Изменить стиль страницы

Очень редко, может, какое-то слово исправлю.

Чьи незакавыченные цитаты можно заметить в ваших стихах?

Скорее всего пушкинские, но только в ироническом смысле. Ни в каком другом смысле я никого не цитирую. Бывают какие-то совпадения, но это не мое дело их находить. Мое дело сознательно никого не повторять.

С кем из великих предшественников вы чаще всего разговариваете?

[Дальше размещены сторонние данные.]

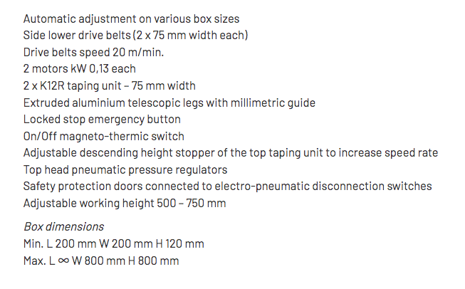 SM48和SM481是可随意调节的自动封口机。得益于顶部和底部传动带以及K12R胶带装置,它们可以完美地密封盒子。机器的调整和使用直观、简单、快速。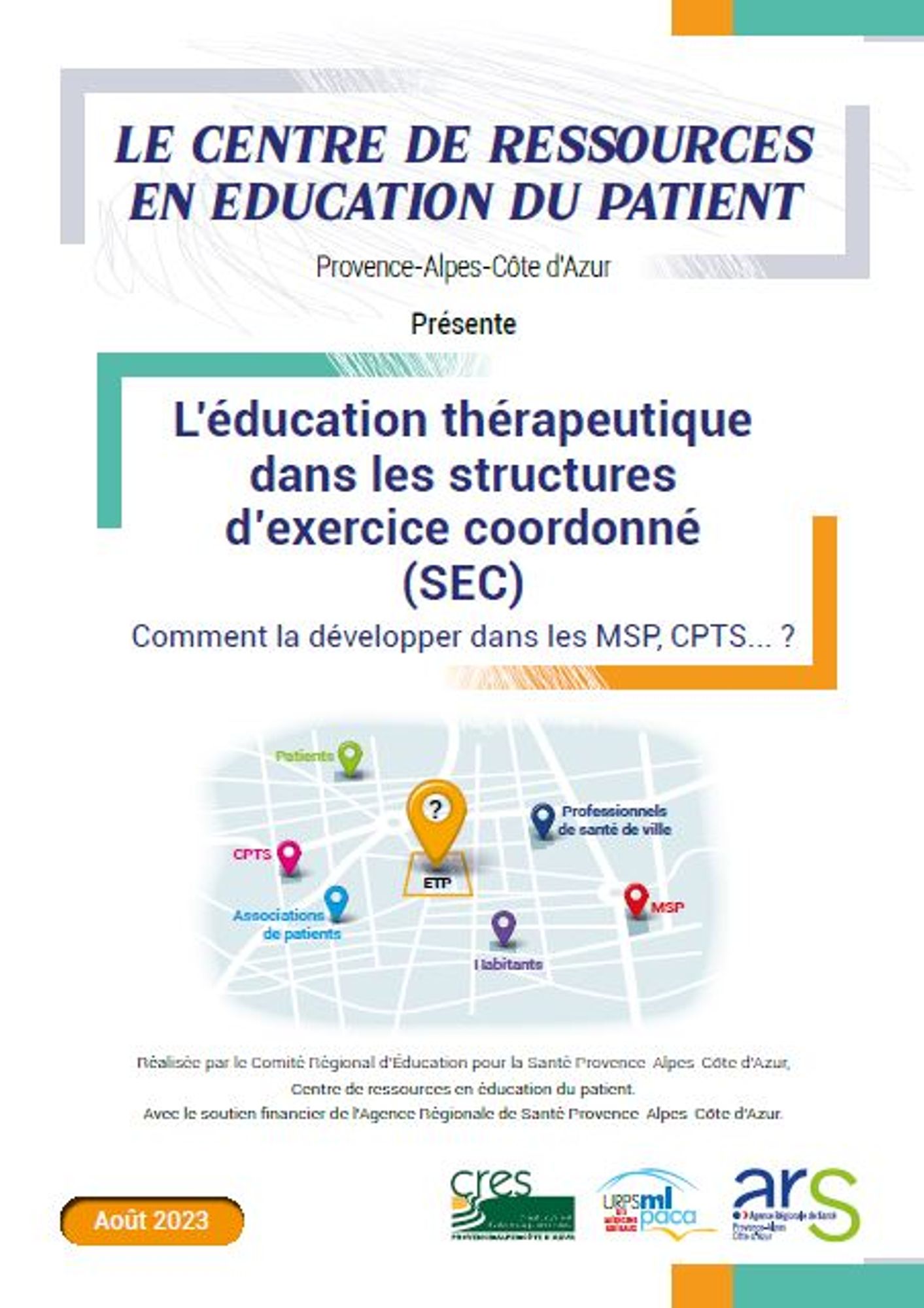 Le CRES, en partenariat avec l'ARS PACA et l'URPS médecins libéraux, et dans le cadre d'un groupe de travail pluriprofessionnel, a conçu en 2023 un guide méthodologique pour favoriser le développement de l'éducation thérapeutique du patient (ETP) dans les structures d'exercice coordonné.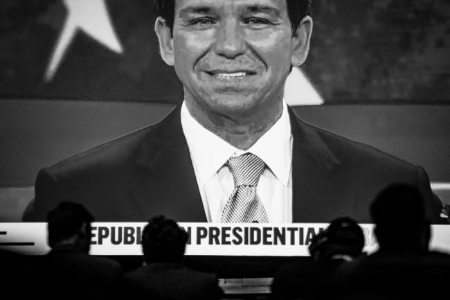 我这么说并不刻薄。好吧,有点刻薄,但这是为了表达一个严肃观点。德桑蒂斯是一个大州的成功州长,是聪明人,还有一个完美的家庭。但他也是那种倒霉的政治人物之一,这类政客经不起时间考验,他们的早期承诺和民调数字随着时间流逝而逐渐消退:人们看到他的次数越多,似乎就越不喜欢他。他在竞选活动中的表现呆板又笨拙,而且粗鲁傲慢,人际交流能力像是设计糟糕的人工智能。他给人的印象是一个彻头彻脑的怪咖,而且是以一种不讨喜的方式呈现出来。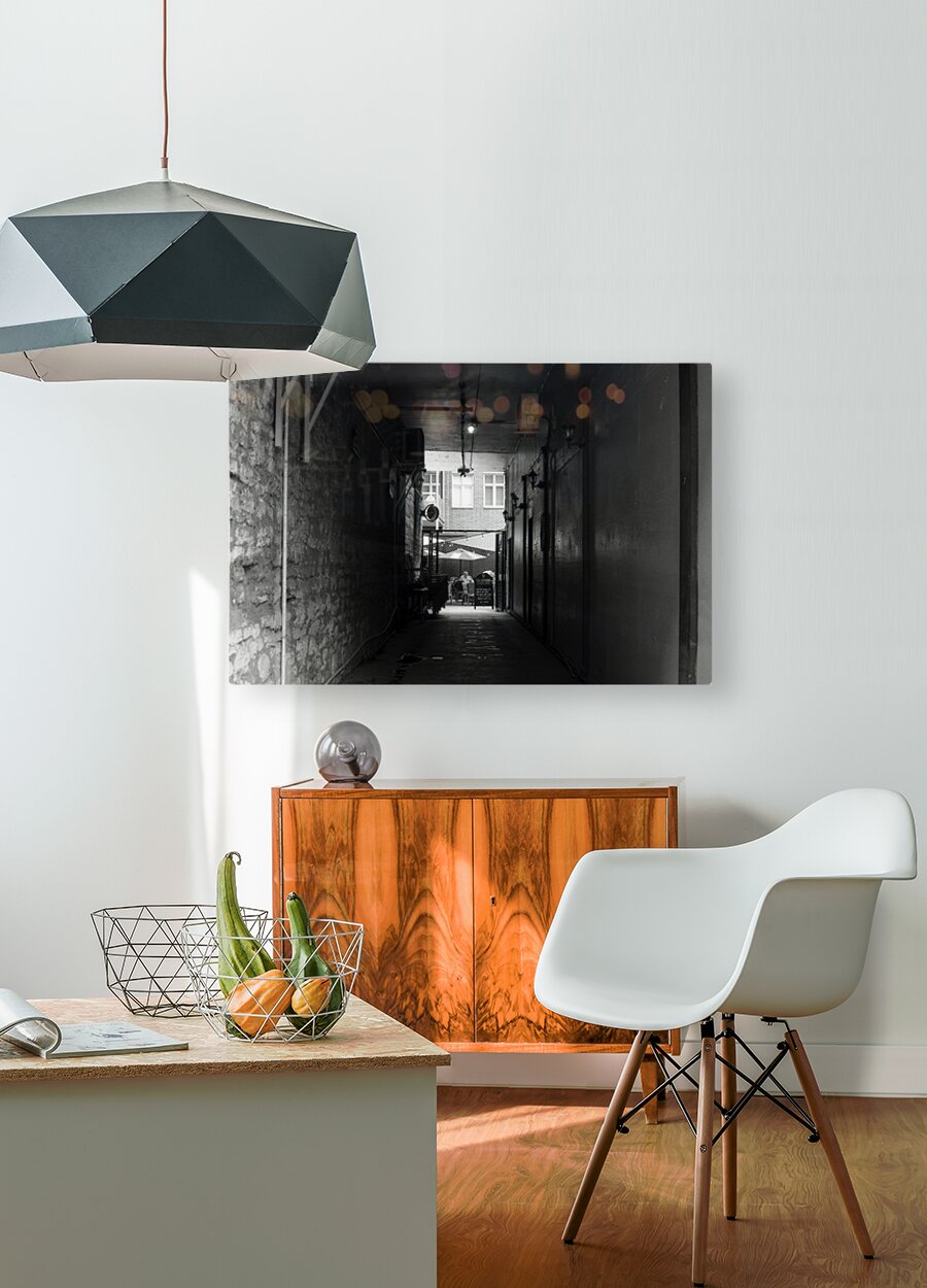 Cozy Restaurant In The Back Of An Alley  HD Metal print with Floating Frame on Back

Я ориентировалась на поэтов начала века, просто хотя бы потому, что мы не знали ни Бродского, ни Бобышева очень долго. Я воспитывалась на представлении о какой-то культурной пропасти, бездне между началом XX века и нами. Я узнала Бродского, только когда я уже сформировалась как поэт.

Так что никакого сознательного отталкивания не было, как, скажем, у Кривулина?

Кривулин немножко старше меня, и человек он более общительный, он больше знал современных себе поэтов.

Какие эстетические задачи вы для себя ставите?

У меня не столько эстетические задачи, сколько какие-то другие. Не хочу говорить духовные, но это какое-то постижение иной реальности через вещи, через людей, через себя саму, постижение чего-то иного. Это попытка получить знание, а какими средствами — мне более или менее безразлично.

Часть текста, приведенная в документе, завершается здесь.